§ **Your task**
Using the listing below, give again exactly the lines from the line with "α. Ἀποψις τῆς" to the line with "在抗癌期間，老師也寫了許多文", inclusive, without the pictures.

§ **Exercise materials**

-=-=-

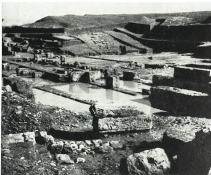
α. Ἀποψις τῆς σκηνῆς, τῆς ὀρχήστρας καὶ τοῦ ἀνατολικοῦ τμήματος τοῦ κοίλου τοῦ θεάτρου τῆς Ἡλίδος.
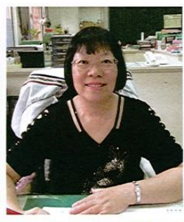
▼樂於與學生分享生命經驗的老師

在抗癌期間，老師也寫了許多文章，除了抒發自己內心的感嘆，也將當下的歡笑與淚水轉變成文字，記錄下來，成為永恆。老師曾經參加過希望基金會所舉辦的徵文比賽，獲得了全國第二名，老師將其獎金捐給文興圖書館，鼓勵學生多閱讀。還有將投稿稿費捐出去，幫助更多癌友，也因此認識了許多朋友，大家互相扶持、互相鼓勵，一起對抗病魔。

-=-=-

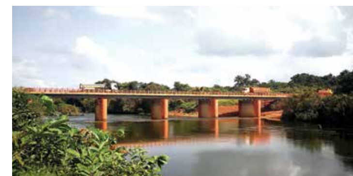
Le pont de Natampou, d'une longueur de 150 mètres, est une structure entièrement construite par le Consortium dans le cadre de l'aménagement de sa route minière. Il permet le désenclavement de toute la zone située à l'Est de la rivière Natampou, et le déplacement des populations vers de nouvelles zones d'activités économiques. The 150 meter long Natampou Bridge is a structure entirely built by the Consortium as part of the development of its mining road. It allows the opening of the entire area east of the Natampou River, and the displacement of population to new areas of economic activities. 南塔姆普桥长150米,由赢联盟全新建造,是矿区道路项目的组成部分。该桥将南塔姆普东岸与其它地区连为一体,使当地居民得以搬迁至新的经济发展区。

-=-=-

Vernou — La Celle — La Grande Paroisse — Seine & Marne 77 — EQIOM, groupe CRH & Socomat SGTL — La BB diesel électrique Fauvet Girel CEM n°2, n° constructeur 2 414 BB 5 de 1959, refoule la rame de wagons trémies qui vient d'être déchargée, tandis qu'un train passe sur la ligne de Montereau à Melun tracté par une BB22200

-=-=-

§ **Completed task**
α. Ἀποψις τῆς σκηνῆς, τῆς ὀρχήστρας καὶ τοῦ ἀνατολικοῦ τμήματος τοῦ κοίλου τοῦ θεάτρου τῆς Ἡλίδος.
▼樂於與學生分享生命經驗的老師

在抗癌期間，老師也寫了許多文章，除了抒發自己內心的感嘆，也將當下的歡笑與淚水轉變成文字，記錄下來，成為永恆。老師曾經參加過希望基金會所舉辦的徵文比賽，獲得了全國第二名，老師將其獎金捐給文興圖書館，鼓勵學生多閱讀。還有將投稿稿費捐出去，幫助更多癌友，也因此認識了許多朋友，大家互相扶持、互相鼓勵，一起對抗病魔。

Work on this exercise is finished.